Background. Access to high quality medical care is an important determinant of health outcomes, but the quality of care is difficult to determine.

Objective. To apply the PRIDIT methodology to determine an aggregate relative measure of hospital quality using individual process measures.

Design. Retrospective analysis of Medicare hospital data using the PRIDIT methodology.

Subjects. Four-thousand-two-hundred-seventeen acute care and critical access hospitals that report data to CMS' Hospital Compare database.

Measures. Twenty quality measures reported in four categories: heart attack care, heart failure care, pneumonia care, and surgical infection prevention and five structural measures of hospital type.

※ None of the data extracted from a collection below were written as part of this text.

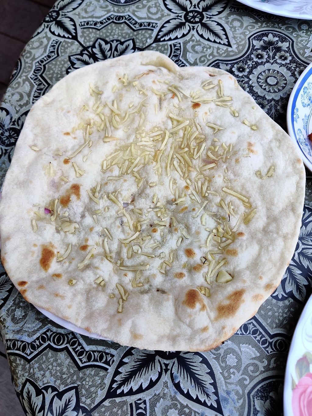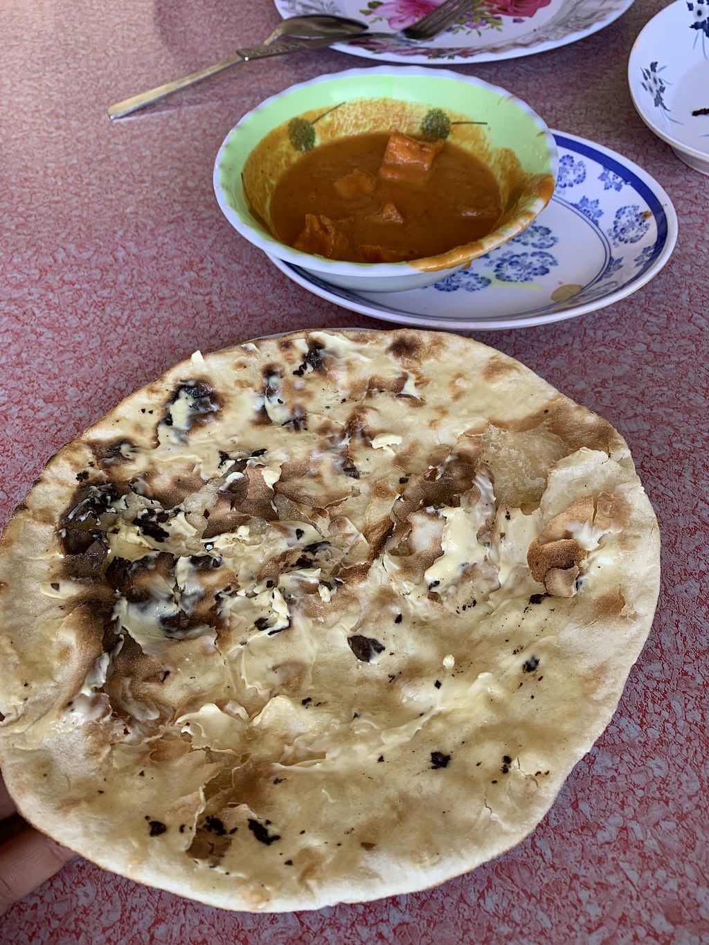 Go buy a cabbage at the Store in the same street and cut it. Use the Nan-bread as a Wrap and put some Curry, the cabbage, pickel onions and maybe some rice in there. We loved it!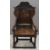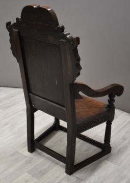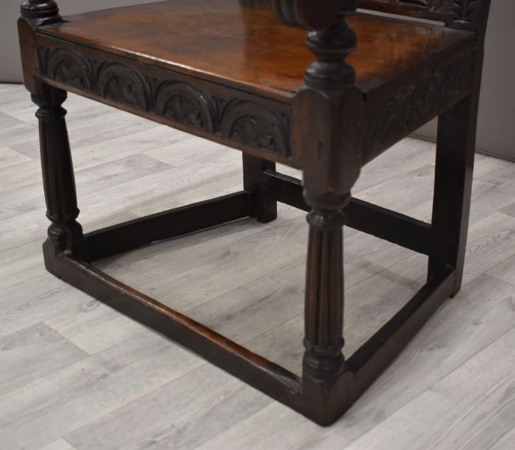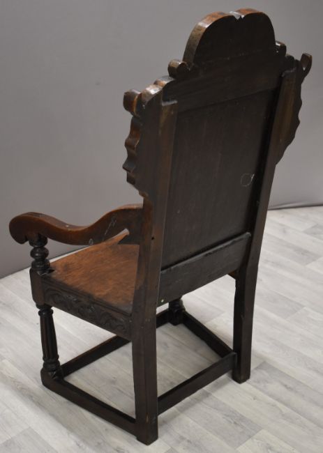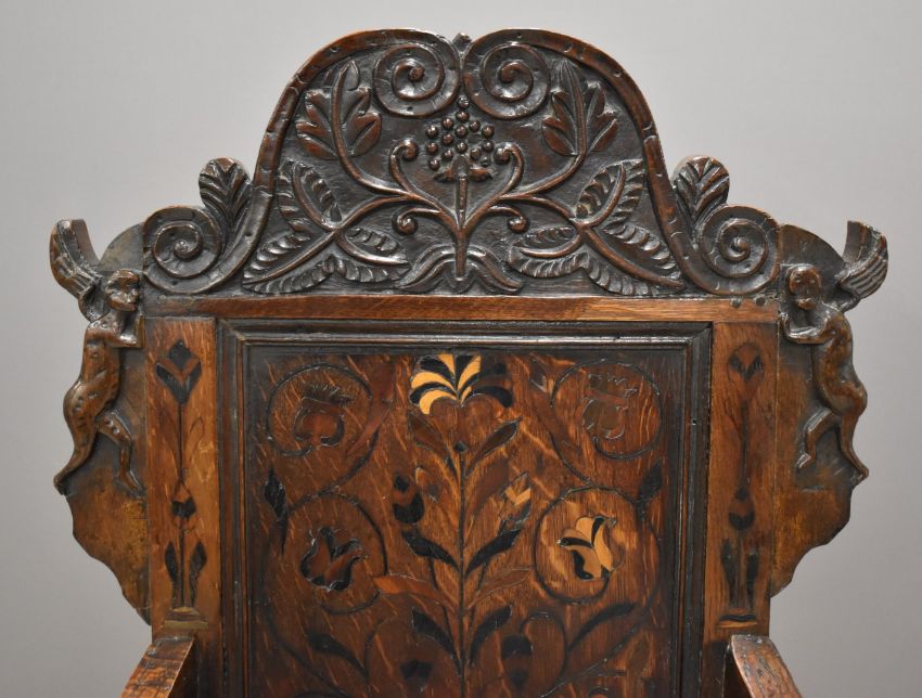 17thC English jointed inlaid oak wainscot chair with shaped scrolling pediment with inlaid foliate decoration flanked by winged figures, the single piece central back inlaid with flowers, the scrolling arms line engraved with deeper carved hand rests, the single piece plank seat with carved apron having a repeating semicircular design, the front legs with turned and fluted decoration, the back legs of square form united by four simple stretchers, W59 x D54 x H41cm (of seat), total height 119cm.Provenance: Originally from The Manor, Ashby St Ledgers
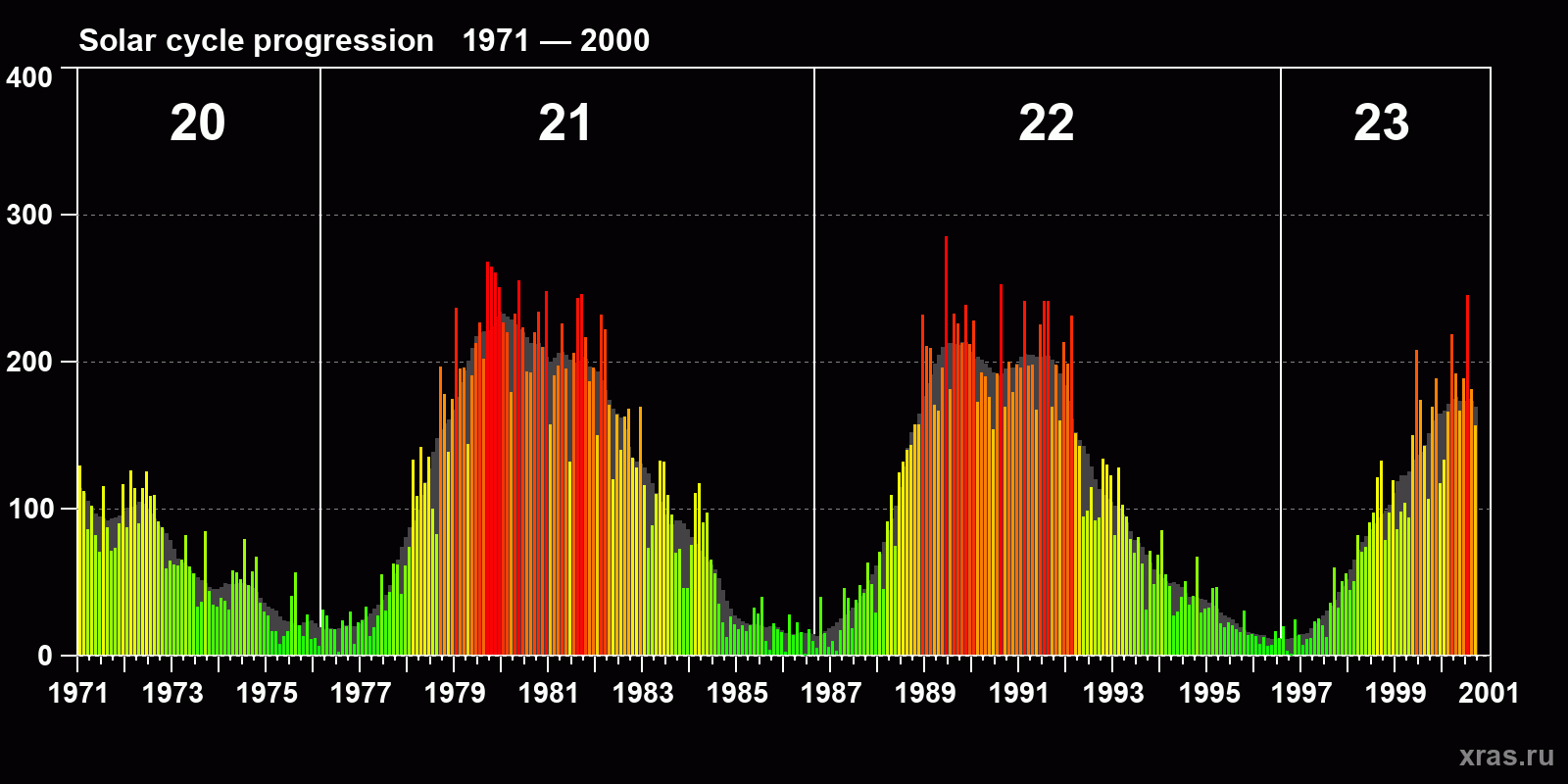 Average monthly sunspot number (SSN) from 1971, January to 2000, September. Gray background - average solar cycle.
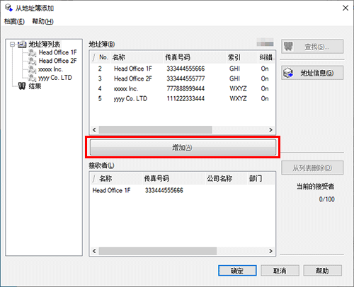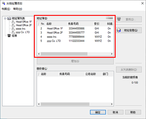 从[地址簿]列表选择接收者,然后单击[增加]。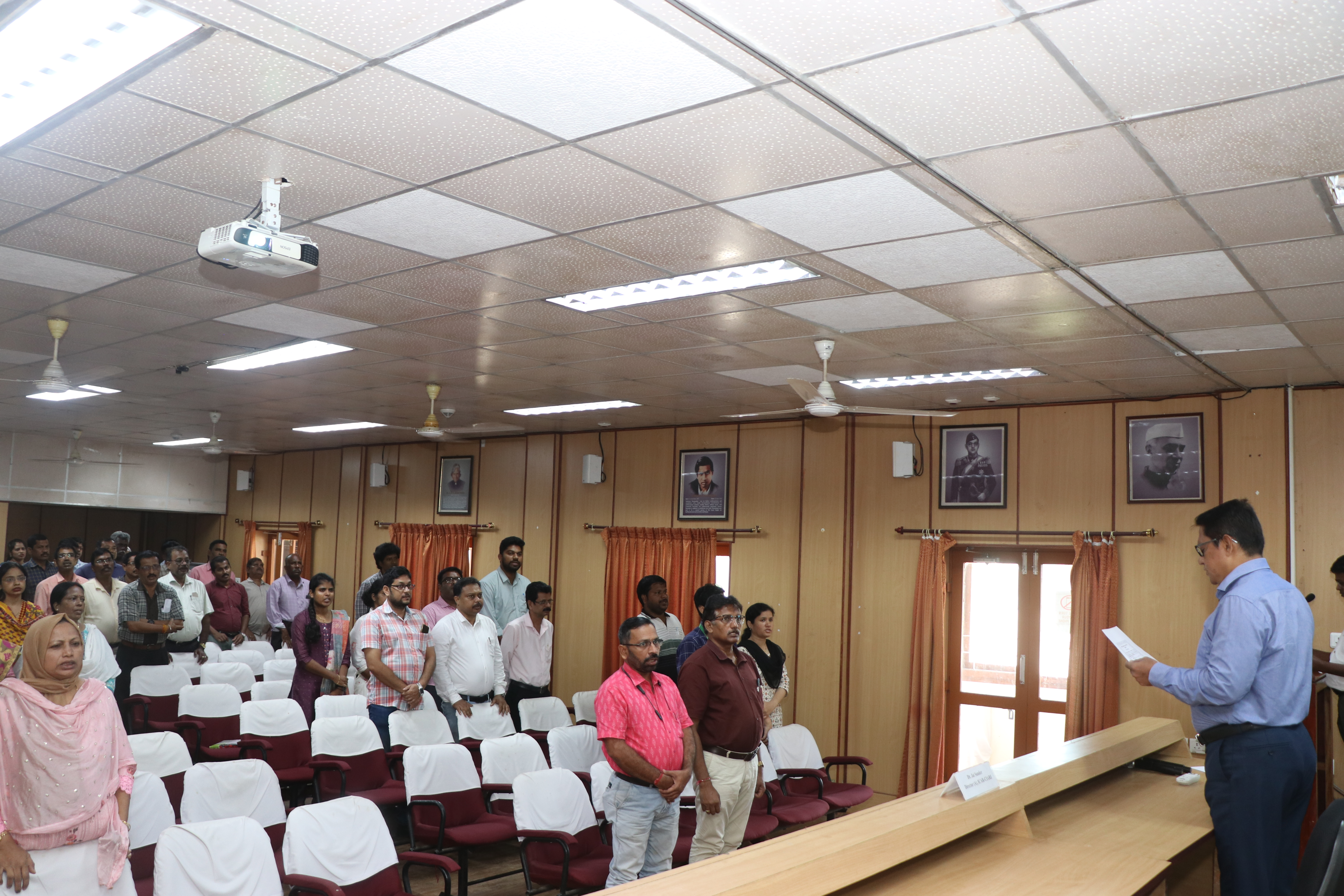In celebration of the 75th anniversary of the adoption of the Constitution of India, Constitution Day (Samvidhan Diwas) was celebrated with great enthusiasm at ICAR–CIARI, Sri Vijaya Puram, along with its Regional Station at Minicoy and KVKs located in South Andaman, North & Middle Andaman, and Nicobar. The event began with a Pledge-Taking Ceremony that took place on 26th November 2025 at 11:00 AM in Dr. T.R. Dutta Hall, ICAR–CIARI. Staff from all categoriesincluding Scientific, Technical, Administrative, Supporting personnel, Research Scholars, and Contractual staff were participated in the ceremony, taking the pledge in both English and Hindi, thereby reaffirming their dedication to the principles enshrined in the Constitution.
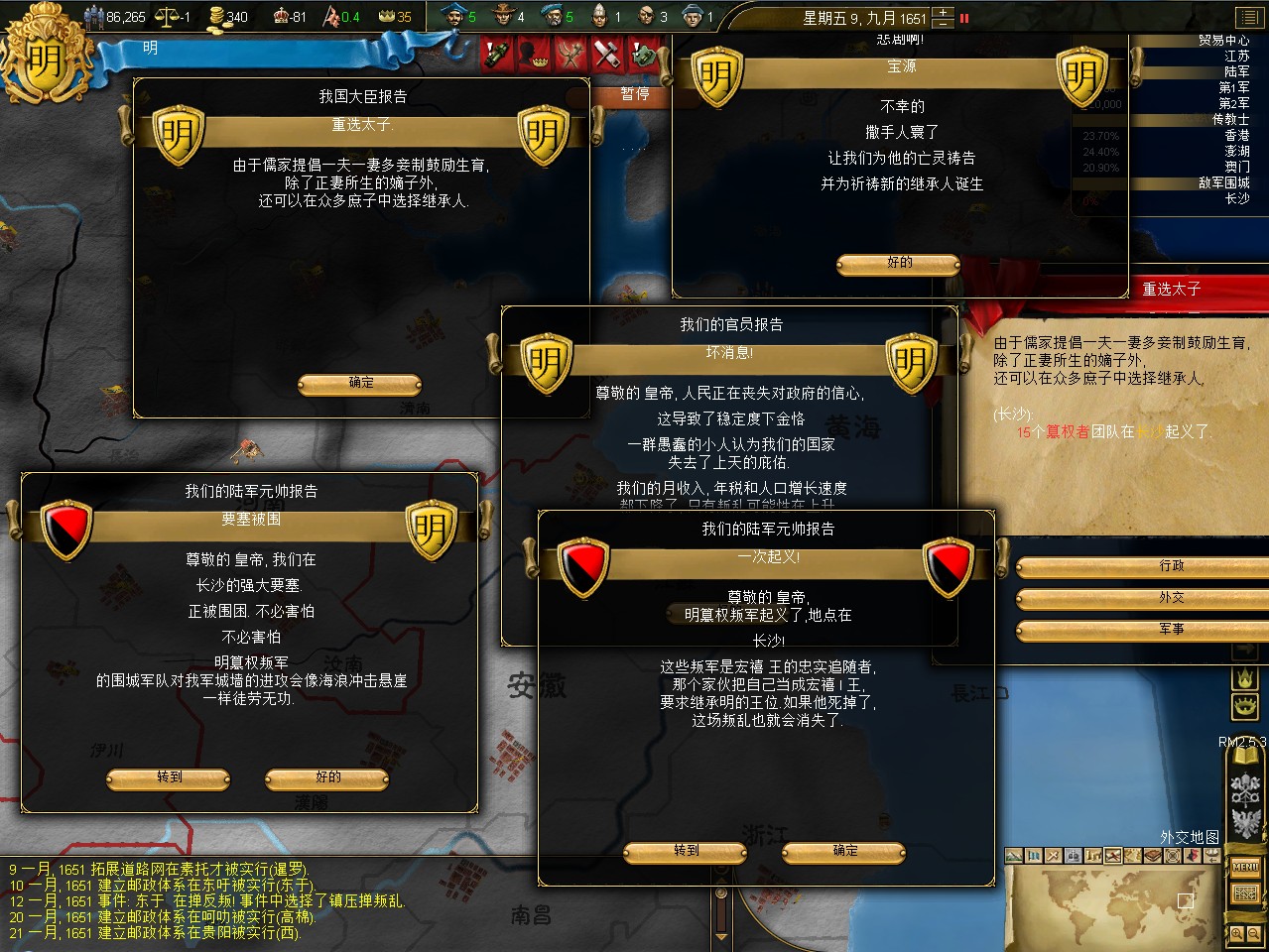 常例开局。话说三个南明剧本 1645 1652 1659,都相当BT。尤其是1659剧本,基本是不可能的任务嘛。1645剧本和1652剧本比较,1652剧本把张献忠的地吞了,兵略多些,还有个BT的李定国,但是1652剧本的南明有两个致命的弱点。一是东面被建奴占了一大片领土,这让我军无法迅速的以最小的代价来与建奴议和。二是江苏丢了,没有了江苏,经济上此消彼长,相当头痛。

Results. Relative hospital quality is tightly distributed, with outliers of both very high and very low quality. The best indicators of hospital quality are patients given assessment of left ventricular function for heart failure and patients given β-blocker at arrival and patients given β-blocker at discharge for heart attack. Additionally, teaching status is an important indicator of higher quality of care.

Conclusions. PRIDIT allows us to rank hospitals with respect to quality of care using process measures and demographic attributes of the hospitals. This method is an alternative to the use of clinical outcome measures in measuring hospital quality. Hospital quality measures should take into account the differential value of different quality indicators, including hospital “demographic” variables.